Но времени на раздумье не было. Альфредо и Берта уже поднимались на вершину Столярова холма — это было совершенно ясно. Берта, конечно, беспокоилась, она пугливо оглядывалась по сторонам. Но бояться ей было нечего. Скумакаргатан еще покоилась в утренней дреме, косые лучи солнца сверкали в маленьких окошечках, откуда еще ни одна собравшаяся к заутрене старушка не высунула голову между геранями, чтобы посмотреть, как занимается новый день. Конечно, беспокоиться Берте было нечего. За геранями и фуксиями шторы были опущены, и никто не видел ее во всем блеске ее глупости и злобы. Никто, кроме мстителей в синих брюках и кедах, которые распластались в подворотне в двадцати пяти шагах за ее спиной и снова осторожно двинулись за ней и Альфредо, как только они исчезли за вершиной холма.

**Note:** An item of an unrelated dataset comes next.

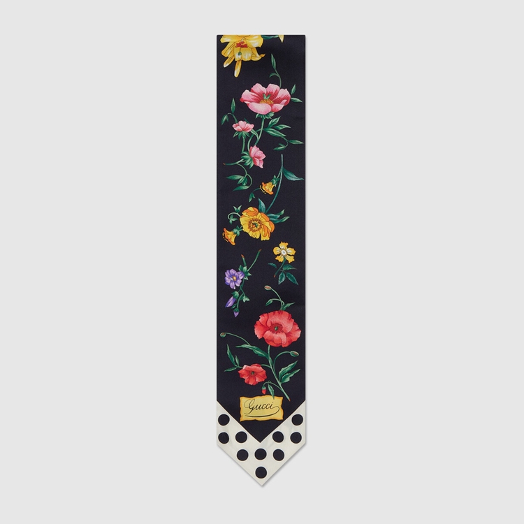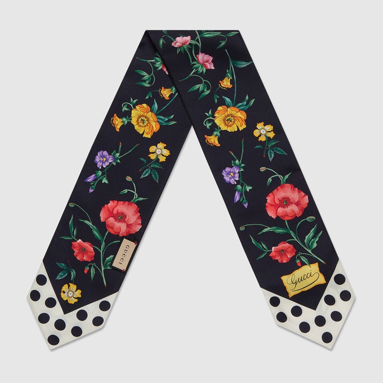 Style 682016 3G001 4078Conveying The House’s fascination With nature, motifs that celebrate The beauty of The botanical world appear throughout The Gucci Aria collection. Here, This dark blue silk twill neck bow presents a playful take on The theme by mixing delicate flowers With a polka dot motif. Pieces With versatile ways to wear and style embrace each person who is Part of The House’s individual spirit

У Понтуса в течение часа ни разу не было повода хихикнуть, но, увидев, как Альфредо и Берта крадутся через дверь черного хода дома № 14 на Столяровом холме, где сам он провел все одиннадцать лет своей жизни, он искренне захихикал.
— Ну и дураки, — сказал он, — они и в самом деле направляются в погреб фру Андерссон.
Затем он снова, еще веселее захихикал.
— Расмус, — сказал он, — а ты знаешь, о чем просила меня на прошлой неделе тетушка Андерссон, до того, как сломала ногу?
Стоило ему подумать, о чем просила его тетушка Андерссон, как он так неистово захихикал, что Расмус забеспокоился и попытался его утихомирить. Но Понтус не успокаивался.
— Знаешь, она просила меня убирать у нее в погребе, она… — он икнул от смеха… — она дала мне свой запасной ключ и просила, чтоб я убирал у нее!
Несмотря на все свое горе, Расмус усмехнулся:
— Тогда, по-моему, ты в самом деле это сделаешь. Можешь начать с того, что уберешь за Глупышом.
Понтус кивнул:
— Да… и уберу мешок с серебром! Подожди только, пока они уйдут оттуда. Идем, спрячемся пока в дровяном сарае!
В период неистовых войн, время от времени бушевавших между детьми на Столяровом холме, ему не раз приходилось держать под наблюдением дверь черного хода в доме № 14, и он знал, что лучше всего это делать из дровяного сарая, где было немало широких щелей в стене, чтобы смотреть через них.
— Где у тебя этот ключ? — спросил Расмус, когда они устроились во мраке дровяного сарая.
— Висит на гвозде внизу, на нашем складе металлолома, — сказал Понтус. — Вот везуха, что не держу его наверху, дома.
Потом он зевнул.
— Ой, до чего хочется спать от всей этой ночной жизни, — сказал он. — Надеюсь, они не собираются поселиться в погребе?
Расмус вздохнул:
— He-а, потому что я больше не выдержу. Я не в силах ждать ни одной-единственной минуты.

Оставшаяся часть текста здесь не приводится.